Investors had high hopes for emerging markets as the year approached, but many were disappointed. China’s struggles and the persistence of COVID have seen emerging market equities lose 5%, which looks even worse compared to a 20% rise in the global index and a 27% jump on Wall Street.
Emerging country government bonds in local currency also performed very well, losing 9.7 percent. Dollar-denominated bonds performed somewhat better, especially in oil-producing countries, but the JP Morgan emerging currency index, which excludes the Chinese yuan, lost nearly 10%.
“China has been the big story of the year,” said Jeff Grills, head of emerging market debt at Aegon Asset Management, adding that next year would likely be about the speed and scale of the rising interest rates and holding up growth.

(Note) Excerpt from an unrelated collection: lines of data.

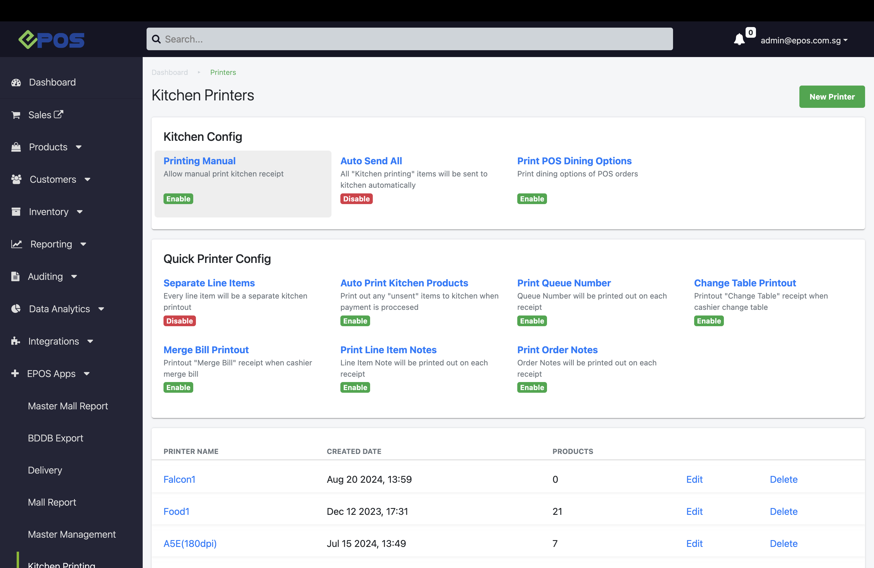 1. In the EPOS Backend, go to the EPOS Apps tab, select the “Kitchen Printers” module, and enable “Print POS Dining Options.”
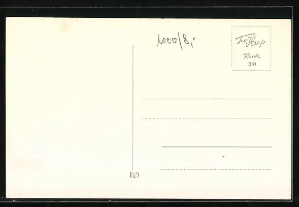 Personenbezogene Daten auf der Rückseite der Karte wurden durch blauen Textmarker unkenntlich gemacht. Die blauen Stellen sind auf die Vorderseite durchgeweicht und wirken sich negativ auf das Postkartenfoto aus
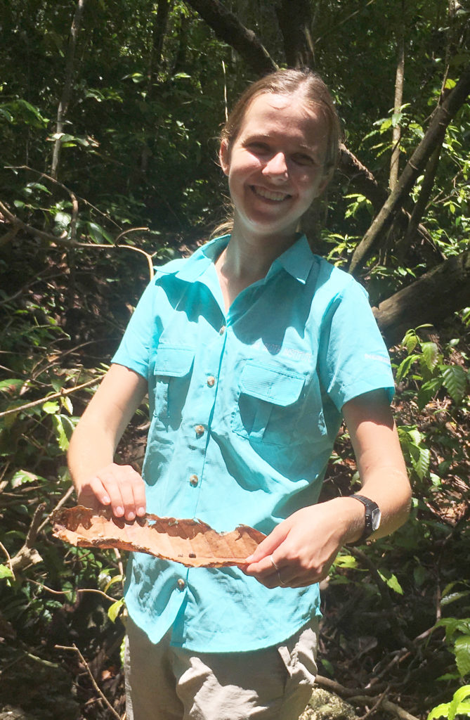 Once she was happily up in the canopy, naturally, we fossicked around the base of tree to look for her little pellet poop. We found it! Bagged it. And I sent it off to the lab for analysis. (Here I am showing one poop pellet on a leaf.)

Bitcoin at nearly $ 70,000; multi-billion dollar “memes”; a successful Wall Street listing and a broad Chinese crackdown: 2021 has been the craziest cryptocurrency yet, even by industry freewheeling standards.

Bitcoin’s nearly 60% jump may seem paltry compared to last year’s 300% surge, but it came despite a Chinese crackdown in May that saw its price almost in half.

Dogecoin, a digital token launched in 2013 as a bitcoin-derived joke, has climbed more than 12,000% year-to-date to an all-time high in May – before dropping around 80% in the middle. December.

Non-fungible tokens (NFTs) – strings of code stored on the blockchain that represent unique ownership of digital art, videos, or even tweets – have also exploded into the mainstream. A digital collage by the United States
Artist Beeple sold for nearly $ 70 million at Christie’s in May, making it one of the three most expensive pieces by a living artist to ever be auctioned.

The dream of going green has remained in the foreground this year. Green bond issuance is slated for another record year, at nearly half a trillion dollars. The “ESG” version of MSCI’s flagship global equity index is up more than 2 percentage points from the standard version, while China’s most environmentally friendly stock index has jumped more 45% even as other sectors collapsed.